I'd call myself a tech head but have never tried to do a RAID before. If I am wanting to do a RAID 1 (mirrored) is it possible to use a 250 GB and a 500 GB? I know that doesn't make sense because I would essentially be wasting half of my 500 GB, but for the time being I would like it to be setup like that so when I fill my 250GB I still have a backup of stuff when I get a new 250GB and do a RAID 1 with my 250GB and the new 250GB if something goes wrong I still have a backup. I will then clear off my 500GB and buy another 500GB and setup a RAID with that.
Hope that makes sense. So basically: Can you do a mirrored RAID with non-matching capacity drives?
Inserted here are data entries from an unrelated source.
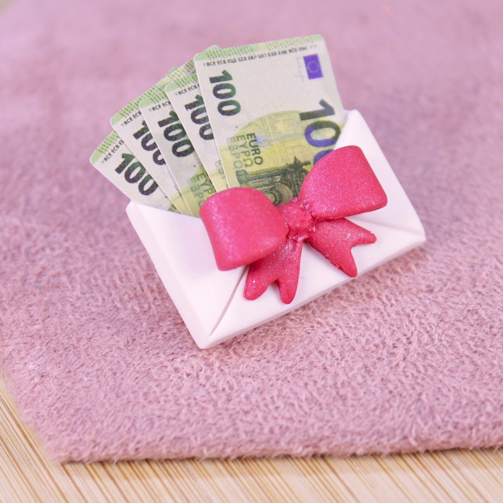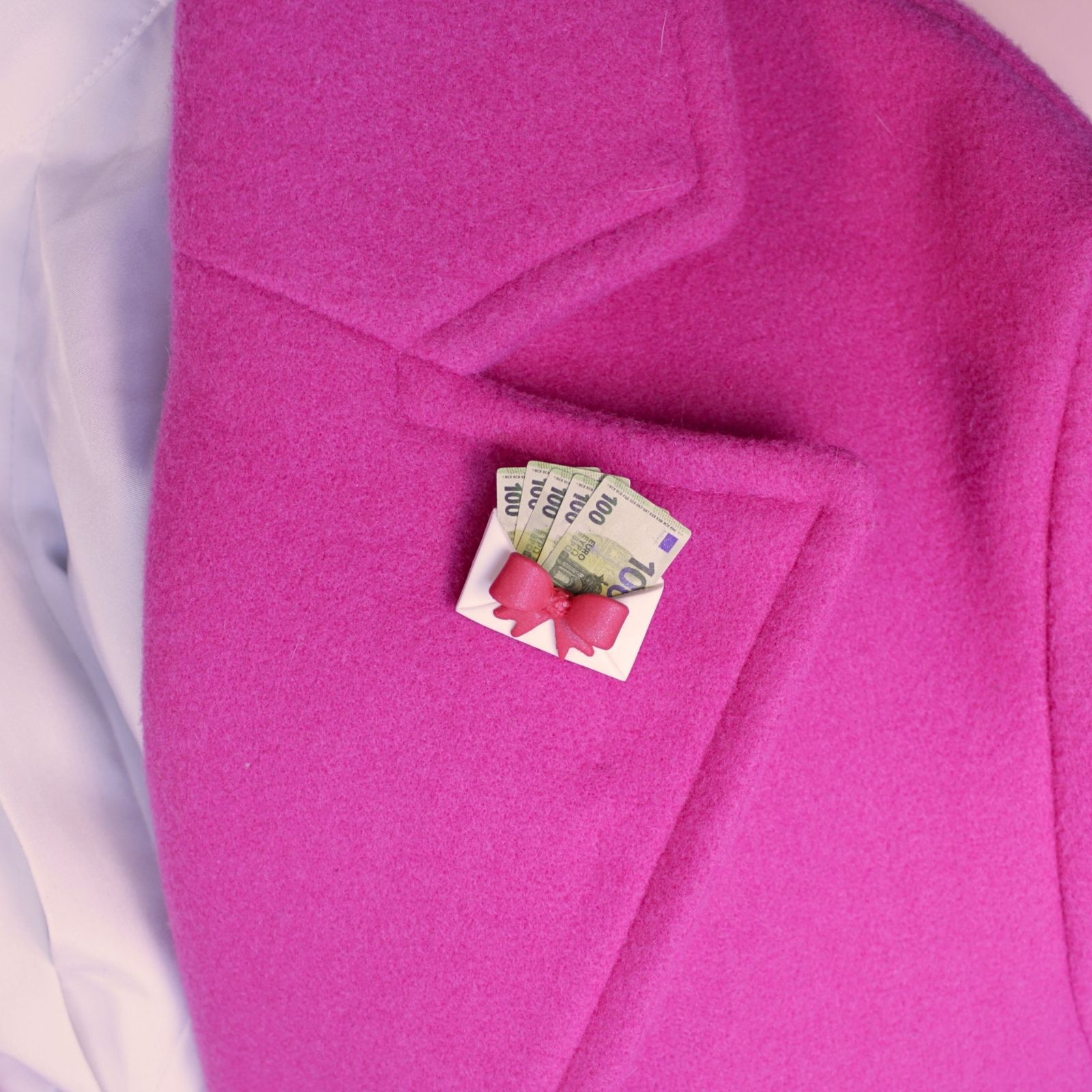 Inspirată din celebrul dar de nuntă, această broșă-mărțișor vine sub forma unui… plic cu bani
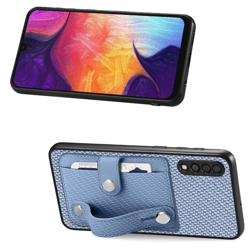 Για Samsung Galaxy A50 Wristband Kickstand Wallet πίσω υπόθεση τηλεφώνου με μαχαίρι εργαλείο (μπλε)
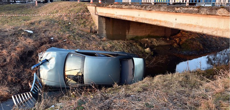 Rozbił bariery i wpadł audi do rzeki
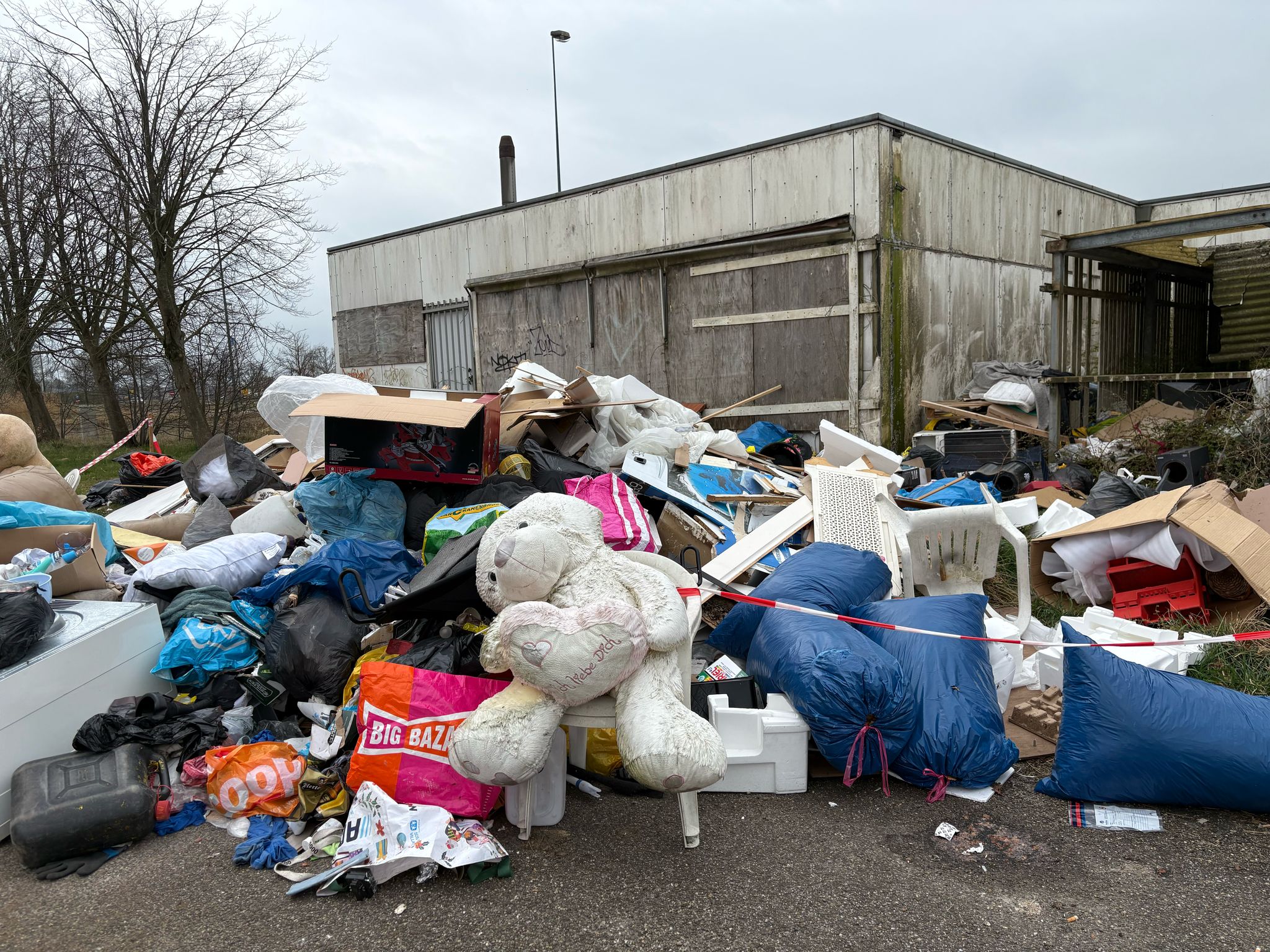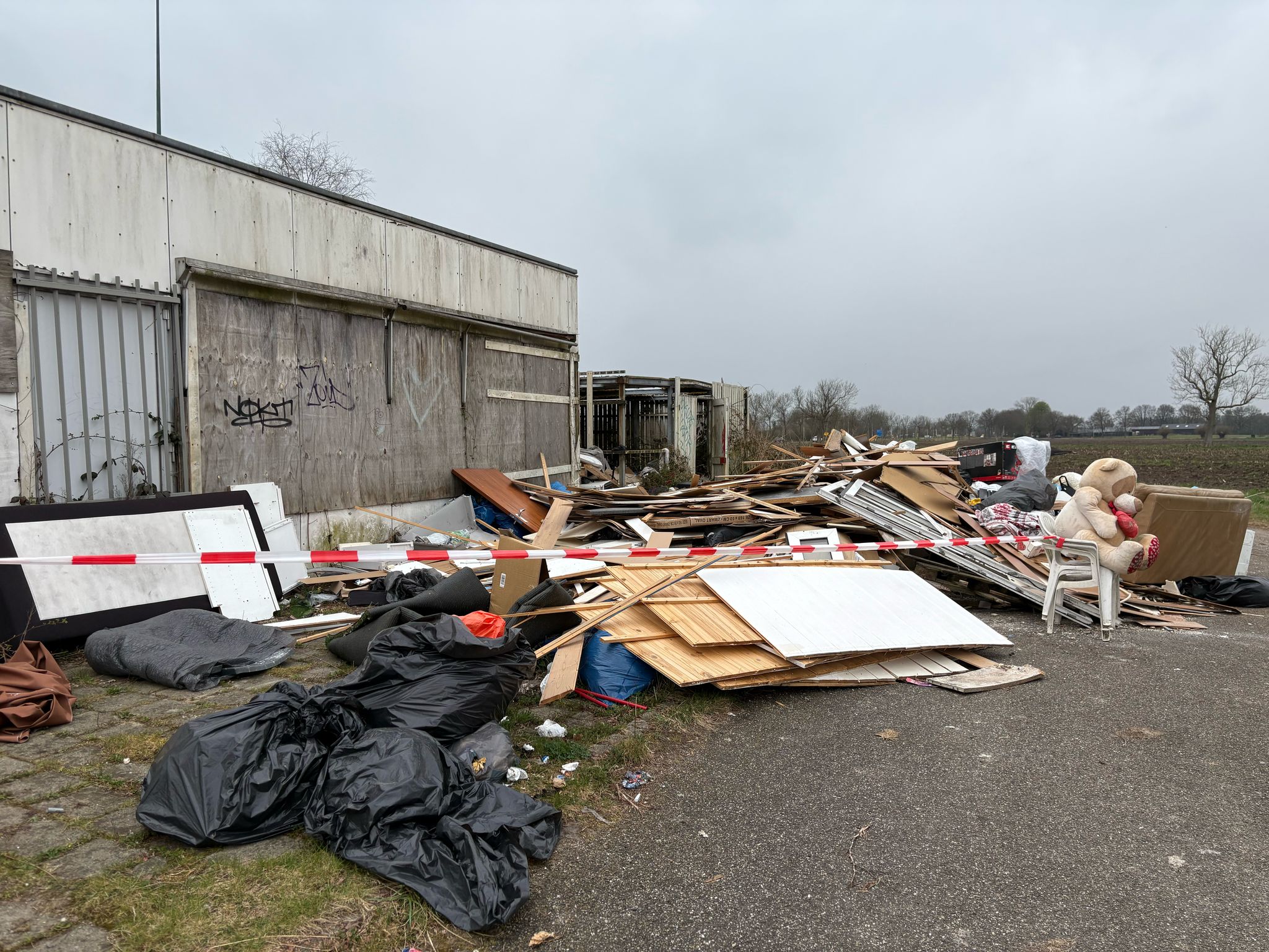 Op de plek waar de berg afval ligt, staat ook een gebouw met een schuurtje. Ook die schuur ligt vol met troep. Volgens Schillemans is er door de grote hoeveelheid afval een onveilige situatie ontstaan. “Aan de achterzijde van dat gebouw loopt nog een weg en die ligt voor meer dan driekwart bezaaid met rotzooi”, geeft hij aan. “Als er iemand in het donker over die weg rijdt is dat gevaarlijk.”
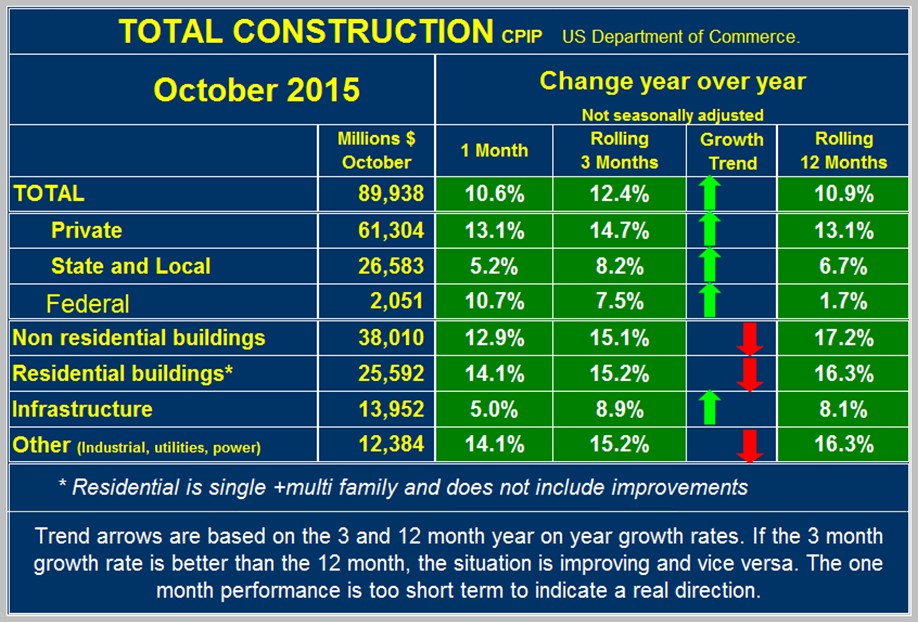 On a rolling three month basis y/y total construction was up by 12.4 percent led by private work up by 14.7 percent. Total construction growth is accelerating since the short term growth (3 months 12.4 percent) is higher than the long term (10.9 percent). We report this as positive momentum. Note this is not a seasonal effect because our y/y analysis removes seasonality. All three categories, private, S&L and federal had positive momentum in the October report. On a rolling 12 month basis Federal construction declined every month for 43 months with September’s report being the first to reverse that trend with a positive 1.3 percent growth rate followed by October at +1.7 percent. We consider four sectors within total construction. These are non-residential, residential, infrastructure and other which is industrial, utilities and power. The growth rate of non-residential buildings is a very high at 15.1 percent but its growth rate has flattened. Residential is growing at 15.2 percent with negative momentum. Infrastructure grew 8.9 percent in three months through October year over year with positive momentum and other grew by 15.2 percent with negative momentum. The growth rate of total construction slowed in the first three months of this year but improved in the period April through October as shown by the brown bars in Figure 1. The pre-recession peak of total construction on a rolling 12 month basis was $1,145 B in 12 months through February 2007. The low point was $665.1 B in 12 months through October 2011. The 12 month total through the latest data of October 2015 was $939 B. July through October were the first months to exceed $900 B since April 2009 when the recession was gaining traction.

Depends on the system. Since RAID is controlled at the hardware level, it depends on the specific RAID controller for your drives. A lot of the older controllers required matching drives, not so much for the overall acpacity of the drive, but mainly because matching drives implied matching block and sector sizes (how the data is physically broken up and written to the spinning platters). Different sized drives would require the controller to break up data into different sized blocks and sectors on the fly in real time, thus slowing performance. But as RAID controllers have increased in speed and complexity, some may handle things differently. You'll have to consult your system manuals to find out for sure.
Thanks. I suppose I can just try it out and see if it works. If it does. Good! If not, I will just deal with it until the 250GB fills up, which won't be too long.
If you are running software raid, you could split your larger disk so that one partition is the same size as the smaller disk and mirror those partitions. As for the rest of the larger disk, you could use it as scratch space.
You could also skip the raid thing altogether and simply keep the same data on both disks.